Feedback Analysis
Turn raw feedback into a structured voice-of-customer report.
Input
The user pastes or attaches:
- Support tickets / chat transcripts
- App store / review site comments
- Survey free-text responses
- Interview notes
If there are < 20 items, ask the user if they want to wait for more — small samples create false patterns.
Workflow
1. Code each item
For every feedback item, tag:
- Theme (1-3 word category, e.g. "onboarding", "pricing", "performance", "missing-feature").
- Sentiment (positive / neutral / negative).

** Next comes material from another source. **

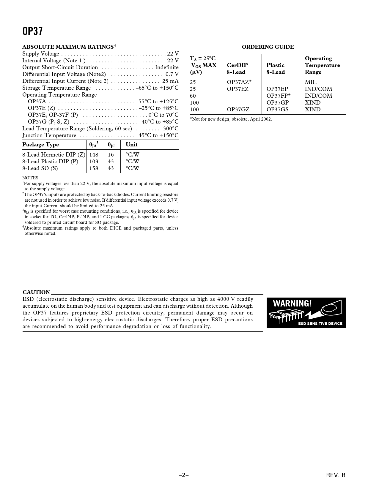 OP37ABSOLUTE MAXIMUM RATINGS4ORDERING GUIDE Supply Voltage . 22 V Internal Voltage (Note 1 ) . 22 V TA = 25 ∞ COperating Output Short-Circuit Duration . Indefinite VOS MAXCerDIPPlasticTemperature Differential Input Voltage (Note2) . 0.7 V (V)8-Lead8-LeadRange Differential Input Current (Note 2) . 25 mA 25 OP37AZ* MIL Storage Temperature Range . –65∞C to +150∞C 25 OP37EZ OP37EP IND/COM Operating Temperature Range 60 OP37FP* IND/COM OP37A . –55∞C to +125∞C 100 OP37GP XIND OP37E (Z) . –25∞C to +85∞C 100 OP37GZ OP37GS XIND OP37E, OP-37F (P) . 0∞C to 70∞C *Not for new design, obsolete, April 2002. OP37G (P, S, Z) . –40∞C to +85∞C Lead Temperature Range (Soldering, 60 sec) . 300∞C Junction Temperature . –45∞C to +150∞C Package Type3JAJCUnit 8-Lead Hermetic DIP (Z) 148 16 ∞C/W 8-Lead Plastic DIP (P) 103 43 ∞C/W 8-Lead SO (S) 158 43 ∞C/W NOTES 1For supply voltages less than 22 V, the absolute maximum input voltage is equal to the supply voltage. 2The OP37’s inputs are protected by back-to-back diodes. Current limiting resistors are not used in order to achieve low noise. If differential input voltage exceeds 0.7 V, the input Current should be limited to 25 mA. 3JA is specified for worst case mounting conditions, i.e., JA is specified for device in socket for TO, CerDIP, P-DIP, and LCC packages; JA is specified for device soldered to printed circuit board for SO package. 4Absolute maximum ratings apply to both DICE and packaged parts, unless otherwise noted. CAUTION ESD (electrostatic discharge) sensitive device. Electrostatic charges as high as 4000 V readily accumulate on the human body and test equipment and can discharge without detection. Although WARNING! the OP37 features proprietary ESD protection circuitry, permanent damage may occur on devices subjected to high-energy electrostatic discharges. Therefore, proper ESD precautions ESD SENSITIVE DEVICE are recommended to avoid performance degradation or loss of functionality. –2– REV. B Document Outline FEATURES GENERAL DESCRIPTION PIN CONNECTIONS SIMPLIFIED SCHEMATIC ABSOLUTE MAXIMUM RATINGS ORDERING GUIDE SPECIFICATIONS BINDING DIAGRAM Wafer Test Limits Typical Electrical Characteristics Typical Performance Characteristics APPLICATIONS INFORMATION Offset Voltage Adjustment Noise Measurements Optimizing Linearity Instrumentation Amplifier Comments on Noise Audio Applications OUTLINE DIMENSIONS Revision History

- Severity (blocker / friction / annoyance / nice-to-have).
- Quote-worthy? (yes/no — tag the most representative quotes).
2. Roll up
Group by theme. For each theme produce:
- Count and % of total.
- Severity distribution.
- 1-3 representative quotes (verbatim, not paraphrased).

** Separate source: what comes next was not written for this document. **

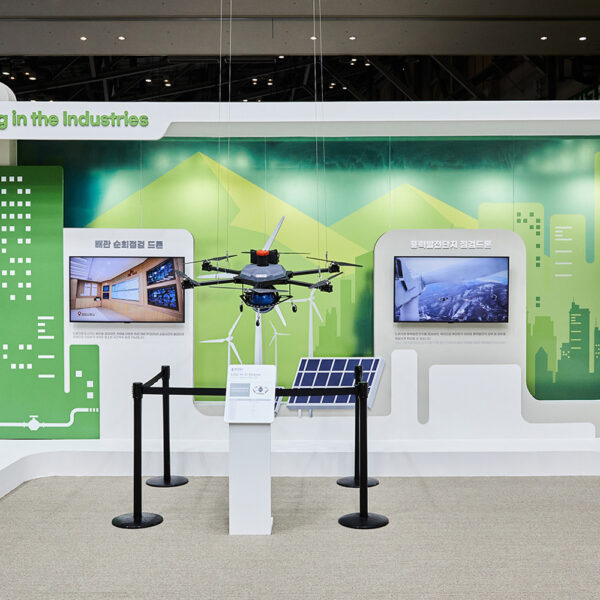 오른쪽으로 시선을 옮기면 실제로 드론이 산업 현장에서 사용되는 모습을 볼 수 있습니다. 도시가스 배관과 풍력발전 단지 시설물을 드론으로 점검하는 영상도 함께 자리합니다. 드론으로 도시가스 배관을 점검하면 차량 점검 대비 약 50%의 소요 시간 절감 효과가 있습니다. 또한 차량으로 접근하기 어렵거나 사람이 직접 확인하기 위험한 시설물 점검에 드론을 이용하면 훨씬 안전한 점검이 가능합니다.

- Inferred root cause (if visible from the data).
3. Prioritize
Use a 2x2: Frequency (low/high) × Severity (low/high).
- High frequency + High severity → fix first.
- High frequency + Low severity → batch later.
- Low frequency + High severity → triage individually.
- Low frequency + Low severity → ignore for now.
4. Output report
# Feedback Analysis — N items, <date range>
## Top themes
1. <Theme> — <count> mentions (X%) — <severity mix>
"<representative quote>"
Likely cause: <inference>
Recommended action: <specific>
## Quadrant
[2x2 of theme placement]
## Action list
1. <Action> — addresses themes A, B — owner: TBD
Anti-patterns to avoid
- Don't paraphrase quotes — verbatim only, even if grammar is bad. Paraphrasing strips signal.
- Don't over-weight the loudest user — frequency across users matters more than message length.
- Don't conflate "feature request" with "underlying problem". A user asking for X may have a different real need.
- Don't skip positive feedback — it identifies what NOT to break.